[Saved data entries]
_ _ _ _
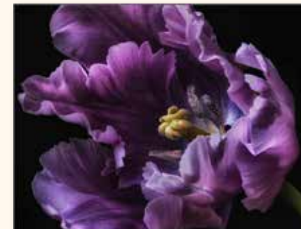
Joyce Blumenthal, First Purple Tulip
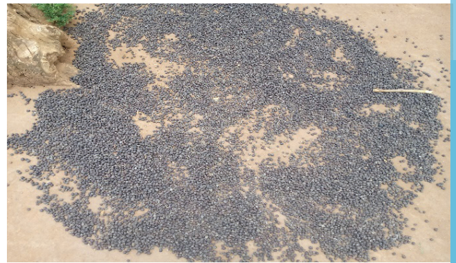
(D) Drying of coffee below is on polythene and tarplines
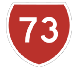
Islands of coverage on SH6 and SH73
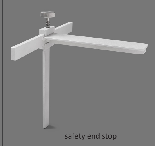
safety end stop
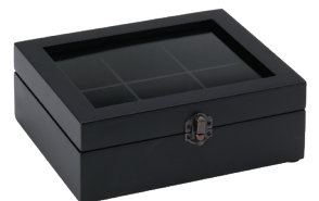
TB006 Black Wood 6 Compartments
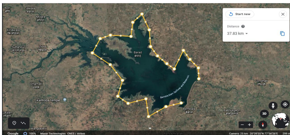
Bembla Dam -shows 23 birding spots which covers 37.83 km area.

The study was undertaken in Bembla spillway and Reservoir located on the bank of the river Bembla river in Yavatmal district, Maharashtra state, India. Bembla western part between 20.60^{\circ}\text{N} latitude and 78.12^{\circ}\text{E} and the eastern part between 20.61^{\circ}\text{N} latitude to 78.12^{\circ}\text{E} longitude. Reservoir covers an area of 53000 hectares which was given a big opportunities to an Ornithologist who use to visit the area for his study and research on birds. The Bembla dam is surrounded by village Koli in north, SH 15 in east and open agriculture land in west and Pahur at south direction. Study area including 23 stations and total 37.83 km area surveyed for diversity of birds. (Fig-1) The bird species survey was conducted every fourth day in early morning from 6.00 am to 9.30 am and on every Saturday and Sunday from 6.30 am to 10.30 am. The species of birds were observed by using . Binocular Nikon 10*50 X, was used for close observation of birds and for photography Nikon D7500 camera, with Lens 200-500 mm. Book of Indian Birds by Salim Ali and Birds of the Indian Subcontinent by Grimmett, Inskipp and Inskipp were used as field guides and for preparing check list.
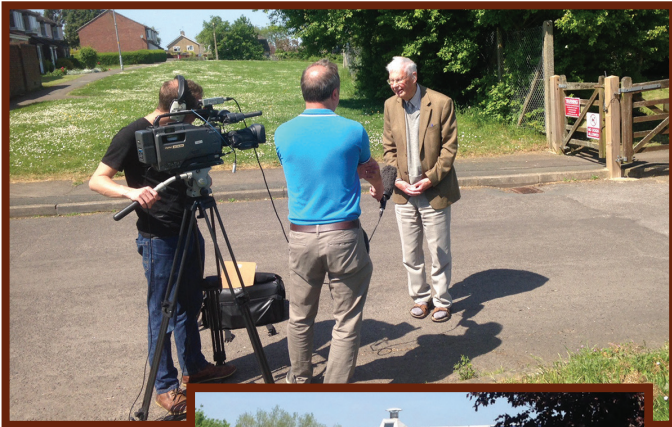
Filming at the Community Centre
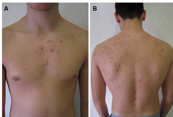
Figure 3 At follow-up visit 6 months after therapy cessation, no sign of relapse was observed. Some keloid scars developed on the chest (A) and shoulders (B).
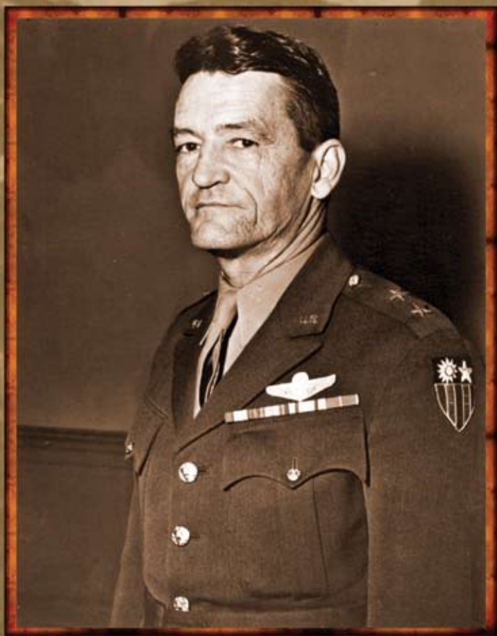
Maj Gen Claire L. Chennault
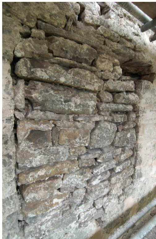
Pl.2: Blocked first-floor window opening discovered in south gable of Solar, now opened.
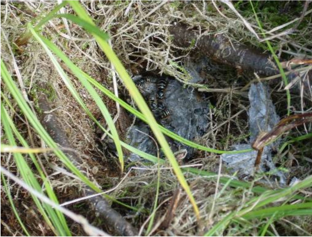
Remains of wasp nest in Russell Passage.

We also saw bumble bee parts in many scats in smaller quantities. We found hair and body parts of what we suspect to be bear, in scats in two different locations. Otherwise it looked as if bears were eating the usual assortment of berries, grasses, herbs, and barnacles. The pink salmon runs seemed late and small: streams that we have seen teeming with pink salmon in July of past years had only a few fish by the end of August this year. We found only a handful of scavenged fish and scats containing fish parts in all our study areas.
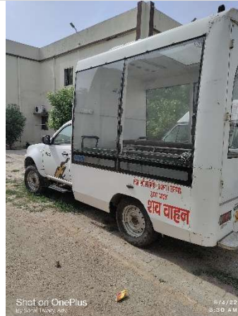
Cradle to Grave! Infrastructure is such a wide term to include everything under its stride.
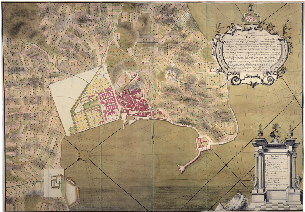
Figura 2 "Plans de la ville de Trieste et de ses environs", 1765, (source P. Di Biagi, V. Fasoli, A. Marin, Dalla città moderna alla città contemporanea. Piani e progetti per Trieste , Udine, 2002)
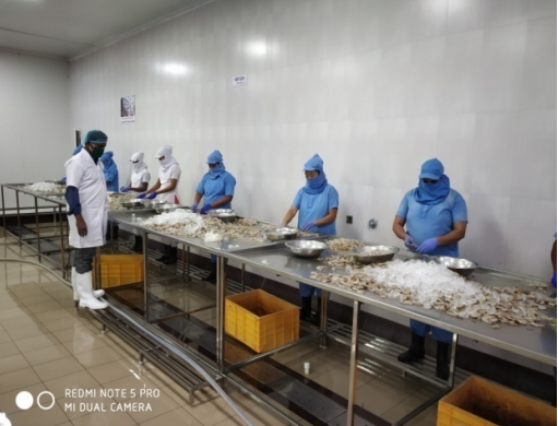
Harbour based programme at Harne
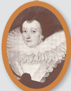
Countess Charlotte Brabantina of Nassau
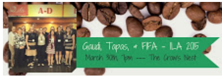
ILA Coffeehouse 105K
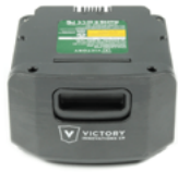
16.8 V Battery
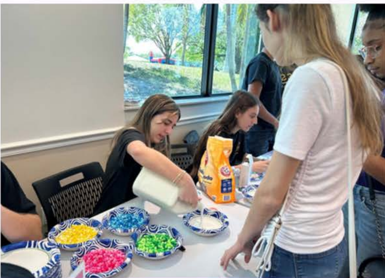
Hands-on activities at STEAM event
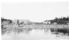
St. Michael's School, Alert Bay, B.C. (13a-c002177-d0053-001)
_ _ _ _
Work task:
If a line falls between the first line of the records above and the line containing "Remains of wasp nest in Russell Passage.", inclusive, retype it exactly; leave pictures out.

Answer section:
Joyce Blumenthal, First Purple Tulip
(D) Drying of coffee below is on polythene and tarplines
Islands of coverage on SH6 and SH73
safety end stop
TB006 Black Wood 6 Compartments
Bembla Dam -shows 23 birding spots which covers 37.83 km area.

The study was undertaken in Bembla spillway and Reservoir located on the bank of the river Bembla river in Yavatmal district, Maharashtra state, India. Bembla western part between 20.60^{\circ}\text{N} latitude and 78.12^{\circ}\text{E} and the eastern part between 20.61^{\circ}\text{N} latitude to 78.12^{\circ}\text{E} longitude. Reservoir covers an area of 53000 hectares which was given a big opportunities to an Ornithologist who use to visit the area for his study and research on birds. The Bembla dam is surrounded by village Koli in north, SH 15 in east and open agriculture land in west and Pahur at south direction. Study area including 23 stations and total 37.83 km area surveyed for diversity of birds. (Fig-1) The bird species survey was conducted every fourth day in early morning from 6.00 am to 9.30 am and on every Saturday and Sunday from 6.30 am to 10.30 am. The species of birds were observed by using . Binocular Nikon 10*50 X, was used for close observation of birds and for photography Nikon D7500 camera, with Lens 200-500 mm. Book of Indian Birds by Salim Ali and Birds of the Indian Subcontinent by Grimmett, Inskipp and Inskipp were used as field guides and for preparing check list.
Filming at the Community Centre
Figure 3 At follow-up visit 6 months after therapy cessation, no sign of relapse was observed. Some keloid scars developed on the chest (A) and shoulders (B).
Maj Gen Claire L. Chennault
Pl.2: Blocked first-floor window opening discovered in south gable of Solar, now opened.
Remains of wasp nest in Russell Passage.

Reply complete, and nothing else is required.